Determine the point of intersection between a circle (x+2)^2 + (y-2)^2 =1 and the parabola y=-(x+2)^2 +3.can anyone please outline the steps to solve it I have tried solve by substitution but I get Stuck
just plug and chug.
(x+2)^2 + (y-2)^2 =1
so (x+2)^2 = 1-(y-2)^2
y = -(x+2)^2+3
y = (y-2)^1-1 + 3
y = y^2-4y+4+2
y^2-5y+6 = 0
(y-3)(y-2) = 0
So the curves intersect at (-2,3) and (-2±1,2)
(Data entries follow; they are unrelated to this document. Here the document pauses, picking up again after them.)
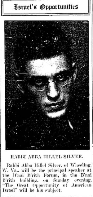 The Friday February 23, 1917 edition of Cleveland's weekly Jewish Independent displayed a picture of Abba Hillel Silver for the first time, announcing his talk at the B'nai Brith Forum that Sunday evening.
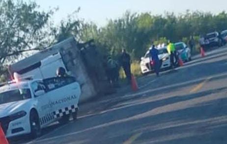 H. Cd de Chihuahua.- El tráfico en el kilómetro 33 de la carretera a Ciudad Juárez quedó completamente paralizado esta mañana tras la volcadura de un camión de
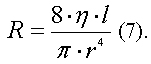 Формула закона Пуазейля упрощается и становится более универсальной при введении вспомогательной величины - гидродинамического сопротивления R, которое для цилиндрической трубки может быть определено по формуле:
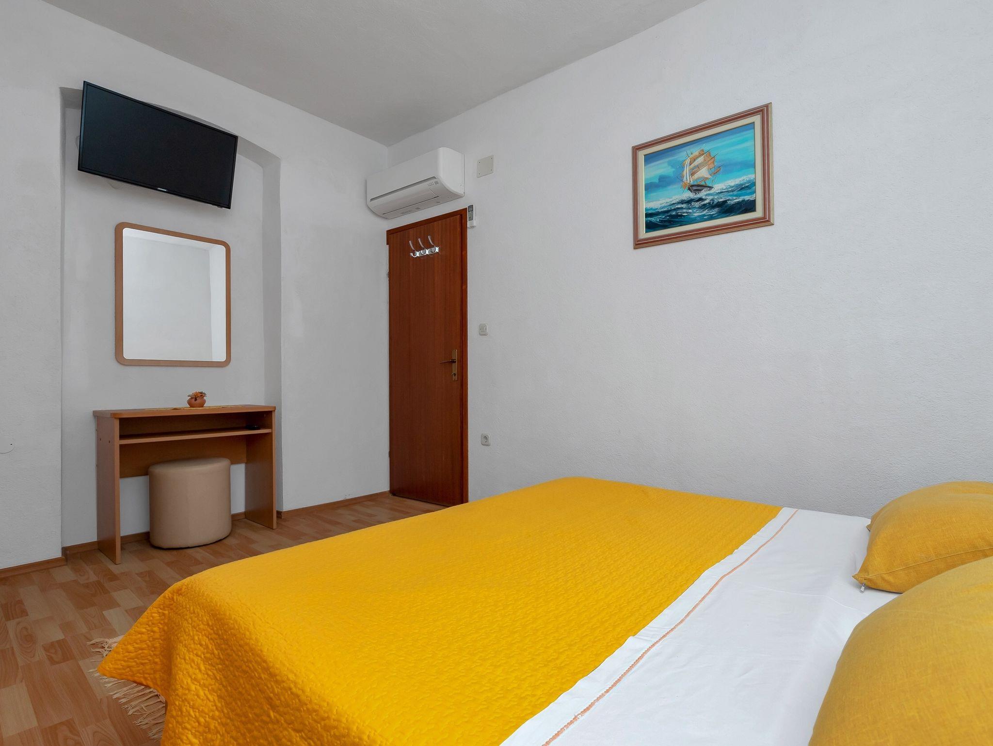 Ferienwohnung bietet Platz für 6 Gäste. Die Betten sind in Schlafzimmern, die es 3 gibt, innerhalb einer Gesamtfläche von 53m2, angeordnet. Die Gäste haben einen eigenen Balkon zur Verfügung, auf der sie in warmen Sommernächten genießen können. Das Apartment bietet Meerblick. Es ist erlaubt, Speisen auf dem Gemeinschafts-Grill vorzubereiten. Räume der gebuchten Unterkunftseinheit werden nicht in eine Ganze verbunden. Unterkunftseinheit hat Räume, die von dem Rest der Einheit abgetrennt werden. In der gebuchten Unterkunftseinheit zahlt man am Ort ein Depositum ( der Preis ist an der Internetseite angeführt ). IM PREIS INBEGRIFFEN: Kurtaxe, Endreinigung, Klimatisierung, Parkplatz, Internet, Bügeleisen, Bügelbrett, Liegestühle. VERBINDLICHE ZUSÄTZLICHE KOSTEN: Kaution (150,00 € Einmalzahlung). UNVERBINDLICHE ZUSÄTZLICHE KOSTEN: Zusatzbett (15,00 € pro Nacht). Die Verfügbarkeit zusätzlicher Dienstleistungen in Ihrem reservierten Termin und die Preise derselben (falls nicht aufgeführt) müssen im Voraus überprüft werden. Zusätzliche Dienstleistungen die in der Zahlungsaufforderung nicht aufgeführt sind werden direkt beim Vermieter bezahlt, angenommen der Gast nutzt auch diese.
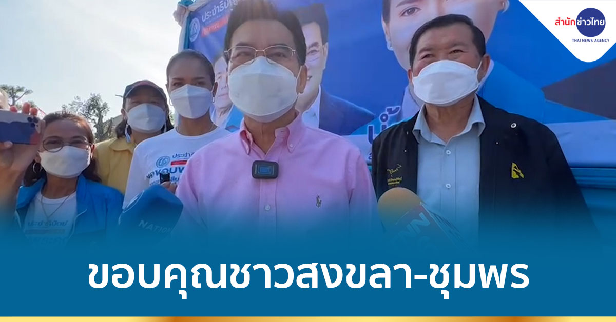 ขอถือโอกาสนี้กราบขอบคุณพี่น้องชาวสงขลา เขต 6 อีกครั้ง และขอเลยขอบคุณไปที่ชุมพร เขต 1 ด้วย สำหรับสงขลา เขต 6 ถือว่าเป็นความกรุณาของพี่น้องชาวสงขลา เขต 6 ซึ่งตนได้เคยให้สัมภาษณ์ไปว่าทั้งหมดคือเสียงสวรรค์ที่ชาวสงขลา มอบให้พรรคประชาธิปัตย์ และ ส.ส. สุภาพร กำเนิดผล ในการเลือกตั้งซ่อมที่ผ่านมา

http://www.wolframalpha.com/input/?i=plot+(x%2B2)%5E2+%2B+(y-2)%5E2+%3D1,+y%3D-(x%2B2)%5E2+%2B3
Thanks Steve you saved my day
To determine the point of intersection between the circle and the parabola, we need to solve their equations simultaneously. Here are the steps to solve it:
Step 1: Set up the equations
The equation of the circle is (x+2)^2 + (y-2)^2 = 1.
The equation of the parabola is y = -(x+2)^2 + 3.
Step 2: Substitute the equation of the parabola into the equation of the circle
Replace y in the equation of the circle with -(x+2)^2 + 3:
(x+2)^2 + (-(x+2)^2 + 3 - 2)^2 = 1
Step 3: Simplify the equation
Expand and simplify the equation obtained from the substitution:
(x+2)^2 + ((-x-1)^2)^2 = 1
(x+2)^2 + (x^2 + 2x + 1)^2 = 1
Step 4: Solve the equation
Expand and collect like terms in the equation:
(x^2 + 4x + 4) + (x^4 + 4x^3 + 4x^2 + 4x^2 + 16x + 16 + 6x + 9) = 1
x^4 + 4x^3 + 9x^2 + 24x + 29 = 1
Rearrange the equation:
x^4 + 4x^3 + 9x^2 + 24x + 28 = 0
Step 5: Solve the equation for x
Unfortunately, solving this quartic equation directly can be quite complex and may not yield an easily interpretable solution. However, you can use numerical methods or graphing techniques to find approximate solutions.
Step 6: Substitute values of x back into the equation of the parabola
For each value of x found in Step 5, substitute them back into the equation of the parabola: y = -(x+2)^2 + 3.
This will give you the corresponding y-values for the points of intersection.
By following these steps, you can find the approximate points of intersection between the given circle and parabola.